D'ailleurs, je juge plus efficace de décrire les "nouvelles enclosures" que de s'acharner sur le terme de "propriété intellectuelle".
obcd, le 29/03/2011 - 15:20
Le partage sur internet n'est actuellement qu'en bout de chaîne, mais déjà on commence à voir des productions qui sont créer & diffusée d'abord sur le net, et seulement ensuite son récupérée par "l'industrie musicale".
Yep. Mais ce mouvement ne peut fonctionner que s'il est suivi par les artistes ET les internautes.
J'ai quelque doute sur l'efficacité de ce discourt, d'un côté on parle de grand remaniement des droits d'auteur, voir de disparition, de concept totalement dépassé, mais de l'autre on veut toujours parler de licence ...

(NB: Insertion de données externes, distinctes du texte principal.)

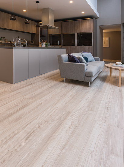 耐水性、抗菌性を備えた高機能床材なので、キッチンはもちろん、
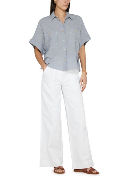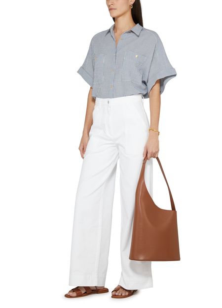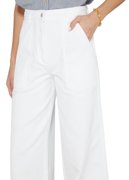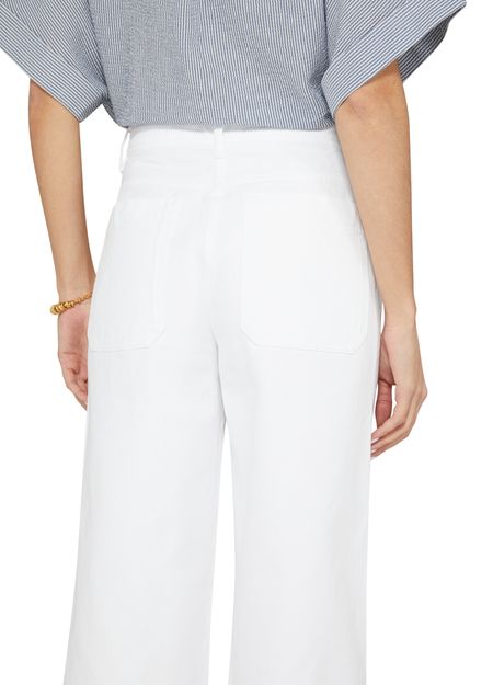 Sessùn's Ernest pants feature a high-waisted fit that accentuates your silhouette. With a flared cut, they offer a stylish twist. The buttoned and concealed zipper closure ensures a sleek look, while belt loops and side pockets add practicality. A back patch pocket showcases the logo at the back label, completing the design.

Qui dit licence dit commerce, et ceux à grande échelle donc industrialisation de la culture.

On en retombe toujours au fait que la culture n'est pas industrialisation sans dénaturalisation.

Il faut vraiment virer se concept de droit d'auteur, ça n'a plus lieu d'être tout simplement ! Ceux qui veulent gagner de l'argent avec la culture le pourront toujours, mais pas en s'appuyant sur les droit d'auteur, bon c'est sur avec les droits d'auteur c'est facile, les consommateurs n'ont pas le choix.